К трём часам ночи я устала. Глаза слипались, спина ныла от долгого стояния. Я сделала себе чай в том самом термосе Михаила Семёновича — чёрный, без сахара, — и села на старый стул у окна.
За окном было темно. Уличные фонари горели тусклым жёлтым светом, выхватывая из мрака пустой проспект, редкие деревья, припаркованные машины. Где-то далеко лаяла собака — одиноко, безнадёжно, будто звала кого-то, кто никогда не придёт. Где-то ещё дальше выла сирена — то ли скорая, то ли полиция, то ли что-то новое, что появилось в этом странном мире.
Я пила чай и думала о том, что всё меняется слишком быстро. Ещё вчера магия была сказкой, а сегодня — частью реальности. Ещё вчера я просто работала в типографии, а сегодня… что сегодня? Я всё ещё работала в типографии. Но внутри что-то сдвинулось. Что-то, чему я пока не могла найти название. Что-то, что просыпалось медленно, как зверь после зимней спячки.
Телефон зазвонил ровно в три часа семнадцать минут.
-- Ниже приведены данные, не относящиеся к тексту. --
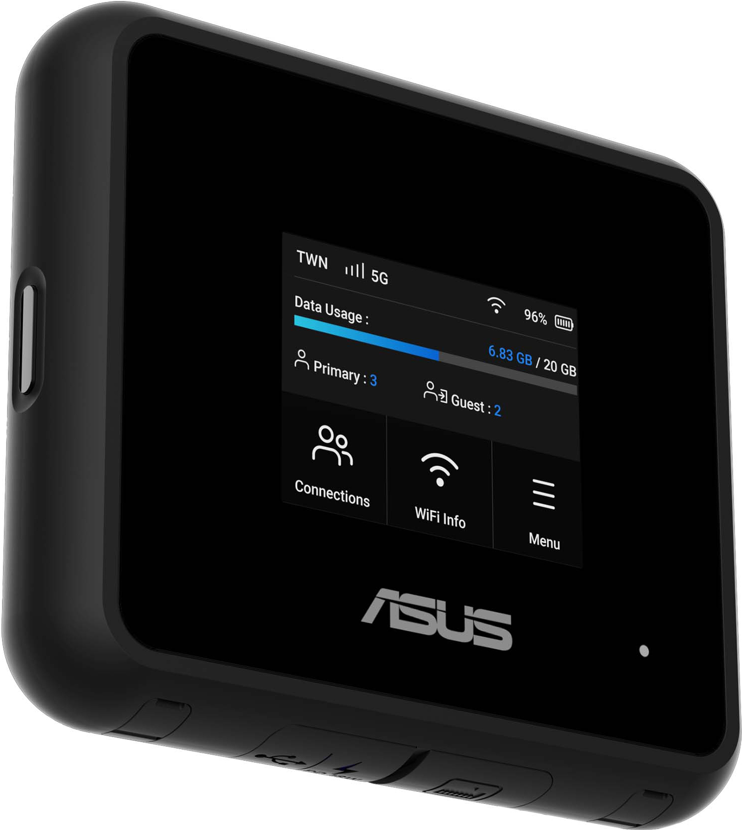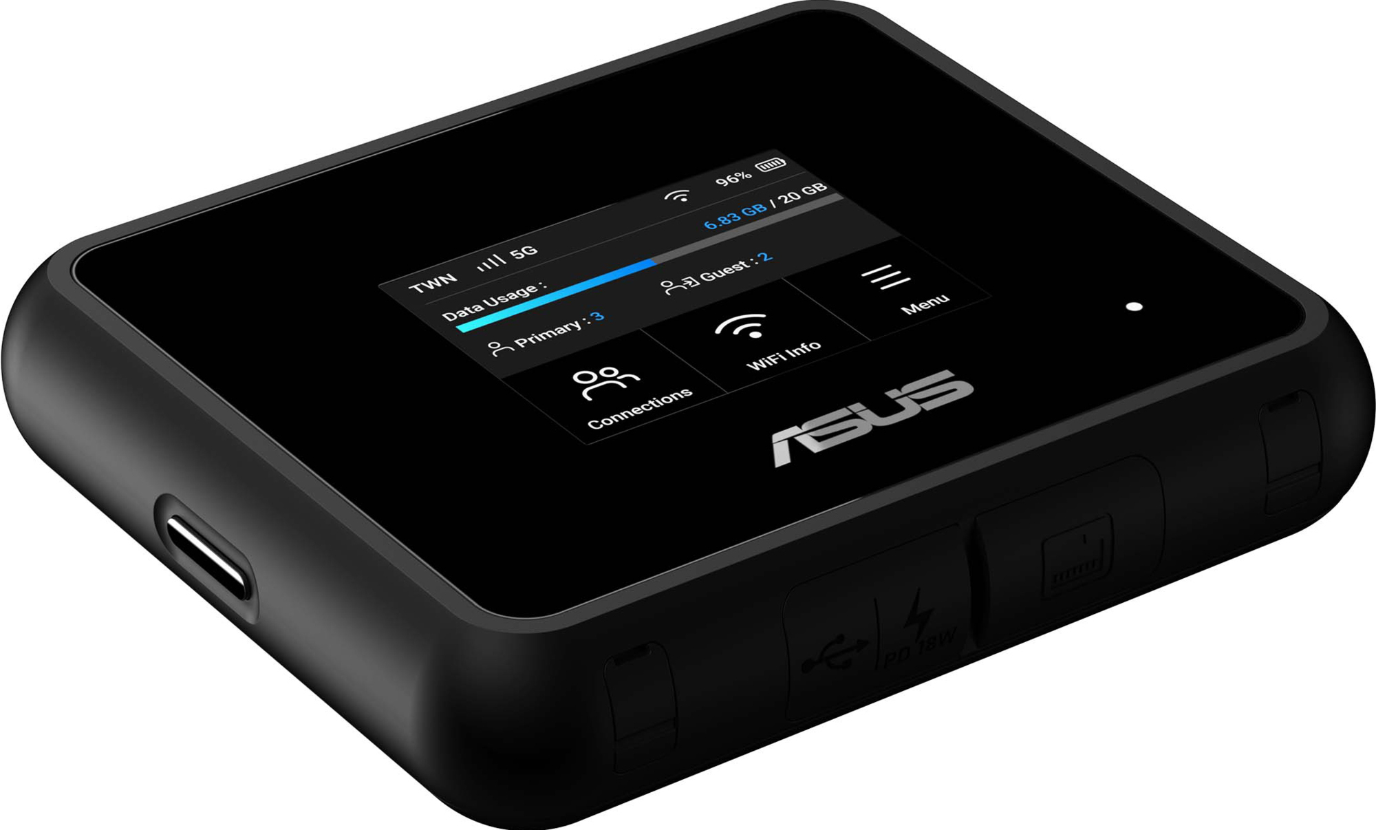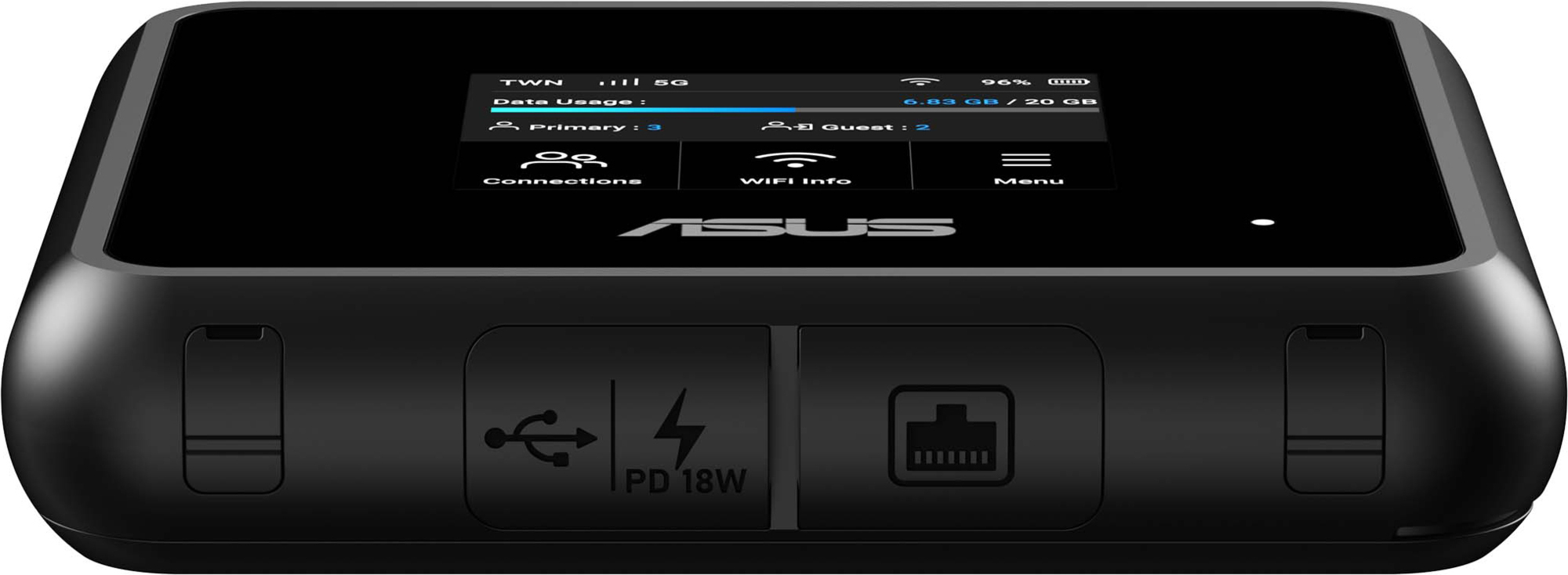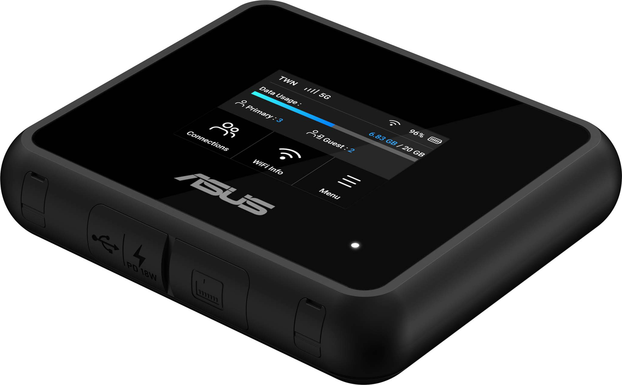 Denne Asus 5G GO WF7/BE5800 mobile bredbåndsrouter leverer 5G-forbindelse, tri-band WiFi 7 op til 6,5 Gbps, 2,5 G-port, USB-C-tethering og et batteri med 19 timers driftstid, alt sammen i et robust, rejseklar design med en 2,4" touchscreen.Læs mere om produktet

Я запомнила время, потому что как раз посмотрела на часы, думая, не пора ли проверить станок. Звонок был странным. Не та мелодия, которую я поставила на вызов, — резкий, дребезжащий звук, как от старого дискового аппарата. Я даже оглянулась: в углу типографии висел такой, ещё с советских времён, но он не работал уже лет десять. Провода были обрезаны, трубка покрыта пылью.
Звук шёл от моего мобильного.
Я взяла трубку.
— Алло?
Молчание. Но не просто молчание — плотное, тяжёлое, будто кто-то дышит на том конце, но не воздухом, а чем-то иным. Чем-то, что старше воздуха. Чем-то, что помнит рождение первых звёзд и смерть последних.
— Алло? — повторила я, и мой голос прозвучал слишком громко в этой тишине.
— Скоро всё изменится, — ответил голос.
Женский. Певучий, но безжизненный, как у автоответчика, который повторяет одну и ту же запись уже много лет. Слова звучали так, будто их произносили не впервые — как пластинку, которую заело на одном месте.
— Готовься.
Короткие гудки.
Я опустила трубку и долго смотрела на экран. Номер не определился. Время вызова — ноль секунд. Будто звонка и не было.
Я пожала плечами и вернулась к станку. Мало ли сумасшедших на свете. Может, кто-то из бывших коллег решил пошутить. Может, ошиблись номером. Может, у меня начались галлюцинации от недосыпа. Я тогда ещё не знала, что галлюцинации — это тоже часть нового мира. Что грань между реальностью и вымыслом стала тоньше папиросной бумаги.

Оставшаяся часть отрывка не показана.